Homologous Chromosomes

  • Humans have 23 pairs of chromosomes, for a total of 46.

  • The first 22 pairs are called autosomes, and they are the same in both males and females.

  • The 23rd pair is the sex chromosomes, and they determine gender.

  • Females have two X chromosomes, and males have one X and one Y chromosome.

  • Homologous chromosomes are the members of a chromosome pair.

  • They have the same size, shape, and location of the centromere.

  • They contain the same types of genes arranged in the same order.

  • Alleles are alternate versions of a gene for a particular trait.

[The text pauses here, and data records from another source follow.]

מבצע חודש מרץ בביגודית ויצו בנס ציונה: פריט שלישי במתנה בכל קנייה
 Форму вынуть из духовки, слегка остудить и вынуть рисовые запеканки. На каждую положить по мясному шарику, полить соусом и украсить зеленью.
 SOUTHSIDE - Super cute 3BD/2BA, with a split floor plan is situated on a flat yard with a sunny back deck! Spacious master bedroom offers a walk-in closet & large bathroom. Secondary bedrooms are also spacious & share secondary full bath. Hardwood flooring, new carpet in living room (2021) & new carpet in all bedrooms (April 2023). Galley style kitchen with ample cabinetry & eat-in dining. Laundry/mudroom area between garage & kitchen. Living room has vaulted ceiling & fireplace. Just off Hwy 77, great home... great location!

  • The location of the alleles of a gene on homologous chromosomes is the same, but the information within the alleles may be slightly different.

Homologous chromosomes.

The Human Life Cycle

The life cycle of humans.

  • Mitosis: A type of cell division that results in two identical daughter cells.

    • Occurs in somatic cells (body cells)

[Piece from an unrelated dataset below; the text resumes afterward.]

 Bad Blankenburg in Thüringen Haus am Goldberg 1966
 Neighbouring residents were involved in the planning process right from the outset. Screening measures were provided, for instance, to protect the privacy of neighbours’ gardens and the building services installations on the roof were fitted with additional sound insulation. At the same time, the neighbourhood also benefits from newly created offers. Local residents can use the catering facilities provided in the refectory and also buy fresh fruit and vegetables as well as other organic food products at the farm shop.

    • Maintains the diploid number of chromosomes (46 in humans)

  • Meiosis: A type of cell division that results in four haploid daughter cells.

    • Occurs in gametes (sex cells)

    • Reduces the chromosome number from diploid to haploid (23 in humans)

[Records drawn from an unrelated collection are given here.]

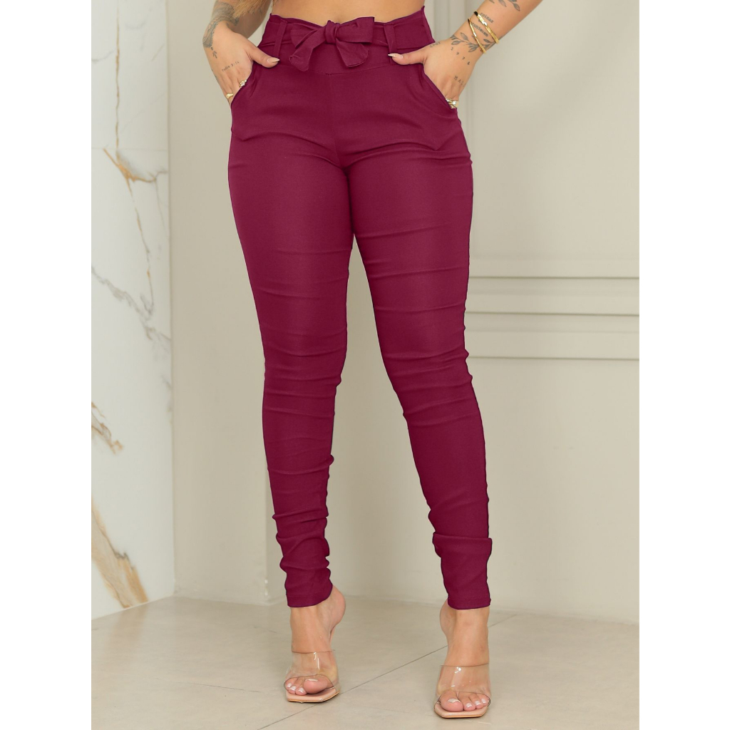 Calça Social Feminina Alfaiataria Tecido Nobre Com Elastano Clochard Laço Cinto Bolso Amarra
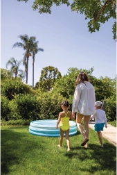 Vienkārši uzpūtiet, piepildiet ar ūdeni un jautrība var sākties. Pateicoties kompaktajiem izmēriem, baseins ir piemērots mazākiem dārziem un to ir viegli glabāt un pārnēsāt.
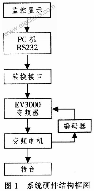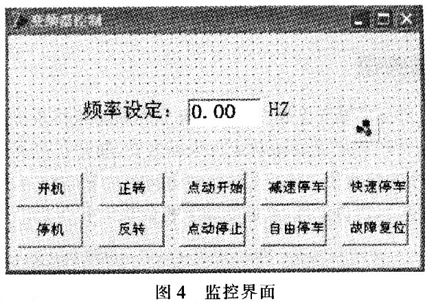 4 為了實(shí)現(xiàn)對電機(jī)的可靠控制,并使其操作簡單,易于控制,運(yùn)行狀態(tài)易于觀察,提高設(shè)備自動(dòng)化程度,設(shè)計(jì)出一種基于EV3000變頻器,靈活實(shí)用的變頻電機(jī)調(diào)速監(jiān)控系統(tǒng)。該系統(tǒng)采用艾默生公司生產(chǎn)的EV3000

  • Fertilization: The fusion of a sperm and an egg to form a zygote.

    • Results in the restoration of the diploid number of chromosomes (46 in humans)

  • Meiosis is important because it ensures that the number of chromosomes is maintained from one generation to the next.

Overview of Meiosis

  • Meiosis is a two-step process that results in four daughter cells with half the number of chromosomes as the parent cell.

  • During the first step of meiosis (meiosis I), homologous chromosomes (chromosomes that are similar in structure and function) pair up and exchange genetic material. This process, called crossing over, increases genetic diversity in the daughter cells.

  • After crossing over, the homologous chromosomes separate and are randomly distributed to the daughter cells. This means that each daughter cell receives a unique combination of chromosomes.

  • The second step of meiosis (meiosis II) is similar to mitosis, except that the chromosomes do not replicate. This results in four daughter cells with a haploid number of chromosomes (half the number of chromosomes as the parent cell).

  • The daughter cells produced by meiosis are gametes, which are reproductive cells that can fuse to form a new organism.

Crossing Over

  • Meiosis shuffles genetic information by exchanging genetic material between homologous chromosomes.

  • Crossing-over occurs when the non-sister chromatids of a tetrad exchange genetic material.

  • Crossing over increases the diversity of the gametes and, therefore, of the offspring.

  • At fertilization, new combinations of chromosomes can occur, resulting in a zygote with a vast number of possible chromosomal combinations.

Synopsis and Crossing-Over.

The Importance of Meiosis

  • It helps keep the chromosome number constant. Meiosis produces haploid daughter cells that become the gametes. When a haploid sperm fertilizes a haploid egg, the new individual has the diploid number of chromosomes.

  • It introduces genetic variations. Meiosis introduces genetic variations because of two processes:

    • Crossing-over can result in different types of alleles on the sister chromatids of a homologue.

    • Every possible combination of chromosomes can occur in the daughter cells.

9.2 The Phases of Meiosis

  • Prophase: The chromosomes condense, and the nuclear envelope breaks down.

  • Metaphase: The chromosomes line up along the metaphase plate.

  • Anaphase: The centromeres of the chromosomes split, and the sister chromatids are pulled apart to opposite poles of the cell.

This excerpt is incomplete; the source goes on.